# Exercise instructions
Keep the images out while you retype all of the data exactly.

# Data segment
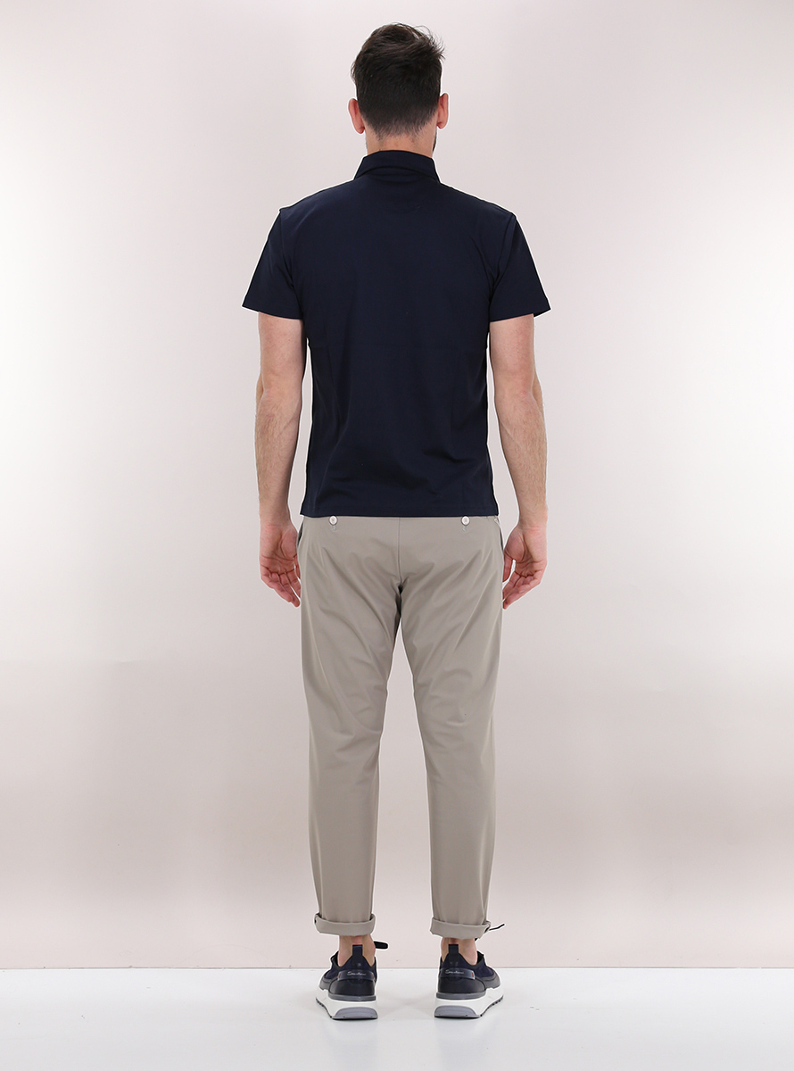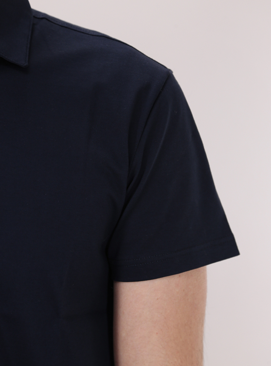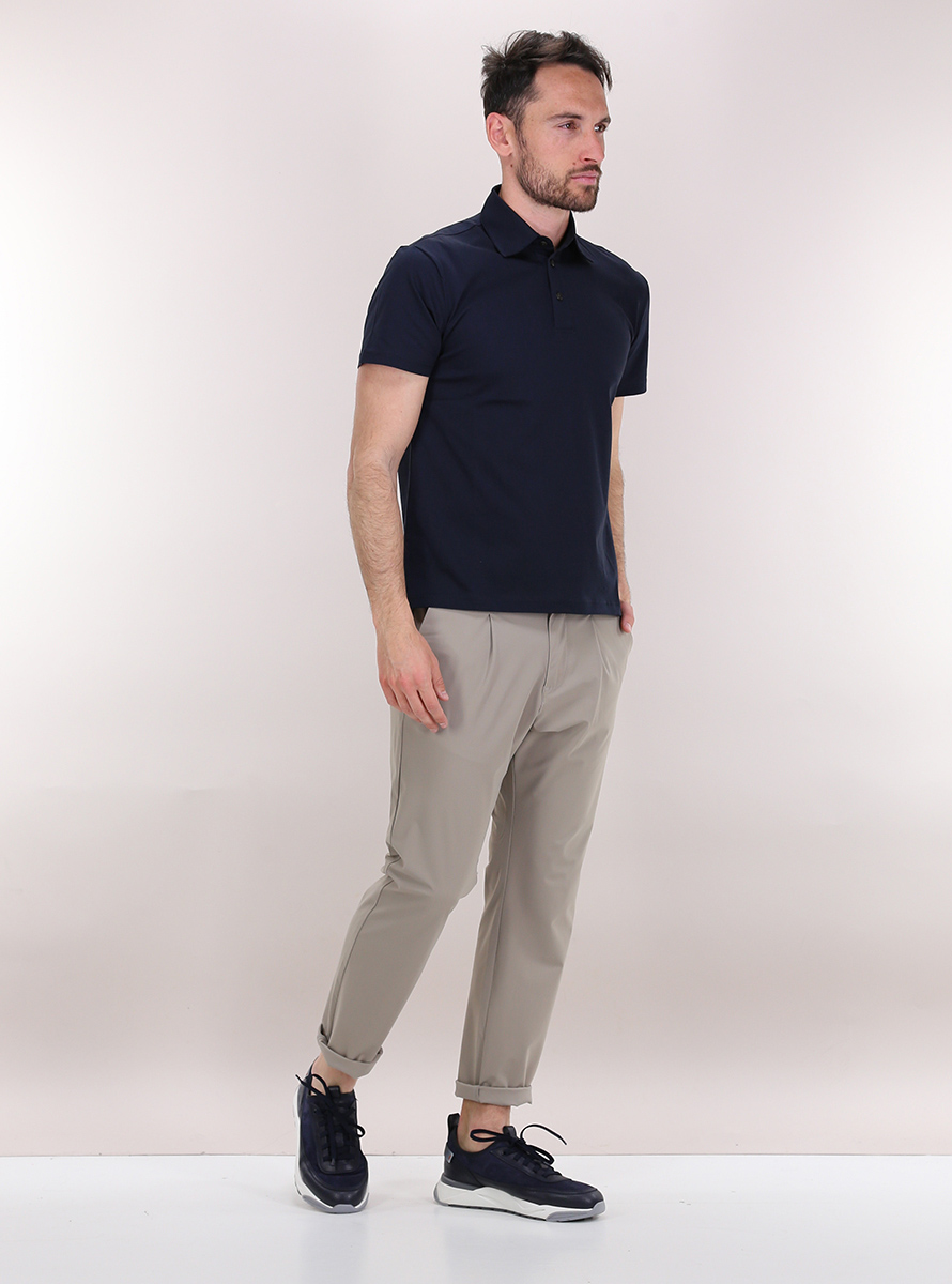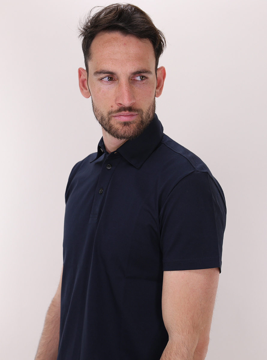 Pt polo shirt in lisle cotton with short sleeves. Three-button closure and side slits on the bottom. The model is 1.80 tall and wears size 48.
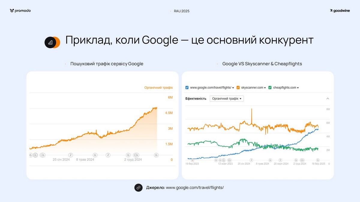 Это усугубляет конкуренцию, в том числе и за счет самого Google. Поскольку главная задача поисковика – максимально быстро удовлетворить запрос пользователя еще на этапе скроллинга результатов поиска (т.е. без захода на страницу с необходимой информацией). Ниже пример конкуренции сервиса Google с сервисами поиска дешевых авиаперелетов, когда за полтора года он увеличил количество кликов с 800 000 до 5 млн в месяц.
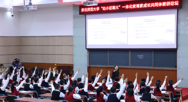 我校教师教育研究院、文学院,我校附属中学高中部、初中部,我校附属小学、附属幼儿园,我校大连保税区实验学校、东安实验学校等单位的党政负责人和相关师生代表参加了论坛。我校UGS实验区、南关区各学校相关教师代表等共计520人出席观摩本次教研公开课。省市多家媒体对此次论坛进行了采访报道。

# Exercise answer
 Pt polo shirt in lisle cotton with short sleeves. Three-button closure and side slits on the bottom. The model is 1.80 tall and wears size 48.
 Это усугубляет конкуренцию, в том числе и за счет самого Google. Поскольку главная задача поисковика – максимально быстро удовлетворить запрос пользователя еще на этапе скроллинга результатов поиска (т.е. без захода на страницу с необходимой информацией). Ниже пример конкуренции сервиса Google с сервисами поиска дешевых авиаперелетов, когда за полтора года он увеличил количество кликов с 800 000 до 5 млн в месяц.
 我校教师教育研究院、文学院,我校附属中学高中部、初中部,我校附属小学、附属幼儿园,我校大连保税区实验学校、东安实验学校等单位的党政负责人和相关师生代表参加了论坛。我校UGS实验区、南关区各学校相关教师代表等共计520人出席观摩本次教研公开课。省市多家媒体对此次论坛进行了采访报道。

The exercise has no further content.